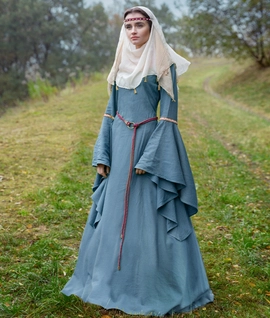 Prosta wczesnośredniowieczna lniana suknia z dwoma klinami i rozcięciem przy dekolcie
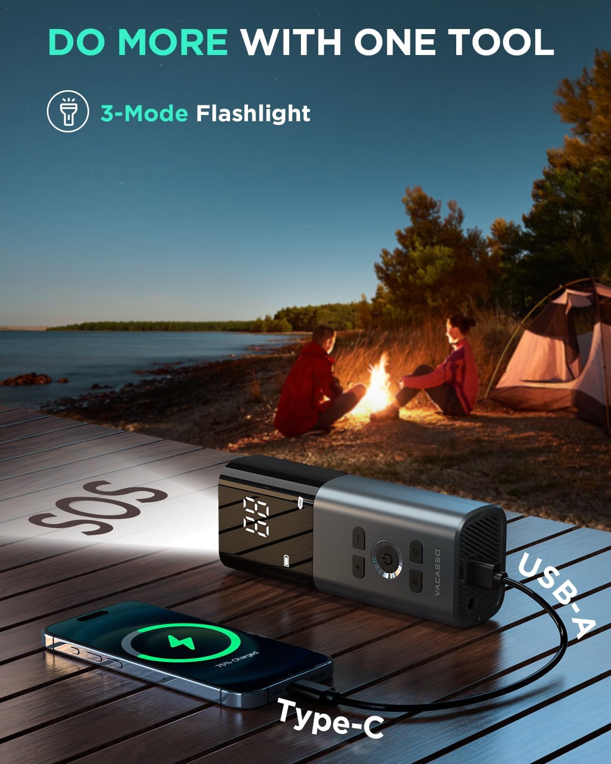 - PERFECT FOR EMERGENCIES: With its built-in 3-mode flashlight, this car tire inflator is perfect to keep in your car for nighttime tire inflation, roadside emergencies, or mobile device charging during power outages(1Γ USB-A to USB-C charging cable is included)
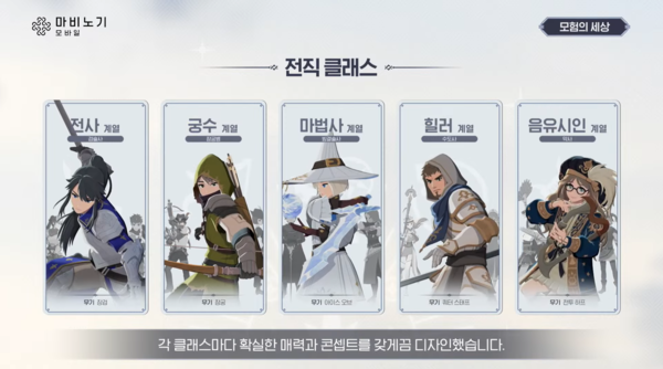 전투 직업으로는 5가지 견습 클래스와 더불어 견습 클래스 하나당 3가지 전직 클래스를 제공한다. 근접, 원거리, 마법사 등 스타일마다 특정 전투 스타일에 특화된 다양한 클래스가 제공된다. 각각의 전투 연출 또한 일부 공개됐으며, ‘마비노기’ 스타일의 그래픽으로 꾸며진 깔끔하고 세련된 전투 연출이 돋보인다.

--- Work instructions ---
From the first line of the material to the last, retype everything exactly except the images.

--- Solution to this task ---
 Prosta wczesnośredniowieczna lniana suknia z dwoma klinami i rozcięciem przy dekolcie
 - PERFECT FOR EMERGENCIES: With its built-in 3-mode flashlight, this car tire inflator is perfect to keep in your car for nighttime tire inflation, roadside emergencies, or mobile device charging during power outages(1Γ USB-A to USB-C charging cable is included)
 전투 직업으로는 5가지 견습 클래스와 더불어 견습 클래스 하나당 3가지 전직 클래스를 제공한다. 근접, 원거리, 마법사 등 스타일마다 특정 전투 스타일에 특화된 다양한 클래스가 제공된다. 각각의 전투 연출 또한 일부 공개됐으며, ‘마비노기’ 스타일의 그래픽으로 꾸며진 깔끔하고 세련된 전투 연출이 돋보인다.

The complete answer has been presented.